Things got easier as I adapted to the bluegrass state, and with my new sense of self came the Cookie Phase. I was feeling more experienced. I’d been through a few things at that point — hard things — things I didn’t see coming, and I wanted to create something new. I’d always idolized the Oatmeal Chocolate Chip Cookies my great grandmother used to make. She didn’t leave a recipe, so if I was going to try them, I’d have to figure it out myself. I was up for the challenge! I made those cookies more times than I can count, and I’m pretty sure I nailed it.
The Bread Phase was a good one. I discovered the beauty of slow living. I had come to appreciate that time yields the most valuable lessons, and the most delicious bread. Armed with the heaviest cookbook I own (The Bread Baker’s Apprentice), I devoted myself to the craft of yeasted dough. Proof, mix, knead, rise, pound, rise, bake. I’ll admit, this was probably the shortest of my phases, but for a brief (yet precious) time, I was committed. I even managed to turn out some pretty decent loaves!
After the intensity of the Bread Phase, my pendulum swung back to simple. Enter the Pancake Phase. At that point I was living where I am now in Lexington — a little city about an hour north of the Kentucky town where we originally settled. It was here that I started to find my groove.

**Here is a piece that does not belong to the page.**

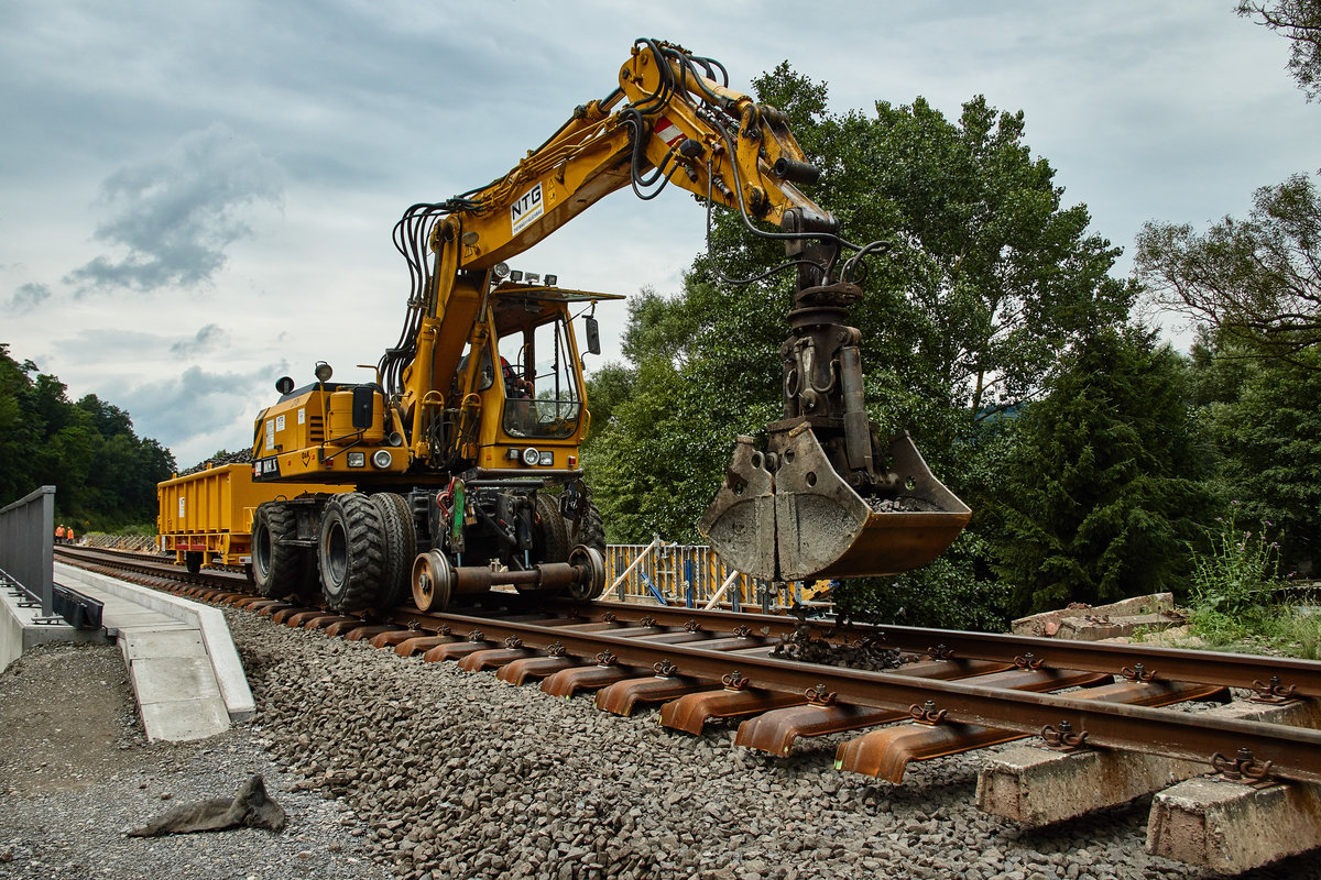 Am 29.07.16 ist ein Bagger mit Hänger beim Schottern der Gleise auf der Sanierten Brücke bei Wasungen/Thür. zu sehen.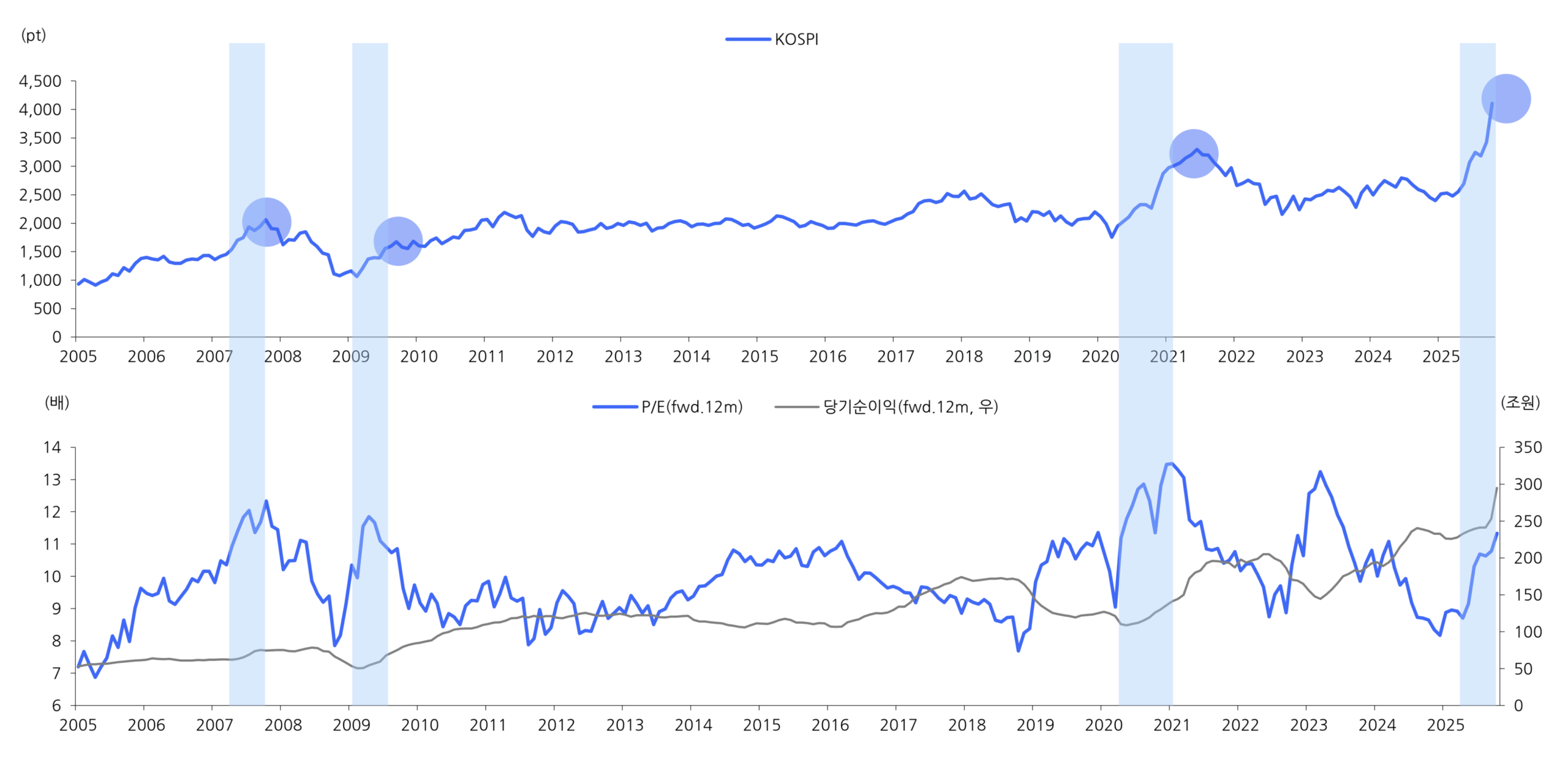 - 1980년 중반 3저 호황이나 1990년 후반 IT 버블 때와 비슷하다는 분석도 나온다. 지금은 펀더멘털롸 밸류에이션이 동시에 개선되는 국면이다. 이익과 PER이 동시에 오를 때 주가가 오른다.

Sarah and I had launched the blog, I was routinely sharing bits of my life through illustration and photography, and I had really come to crave time around the table with loved ones. Sometimes a fast recipe is necessary in order to sneak in a really good table session. Morning gatherings over breakfast were my favorite, so I gravitated heavily towards pancakes. This became a weekend ritual for a while, and I loved it.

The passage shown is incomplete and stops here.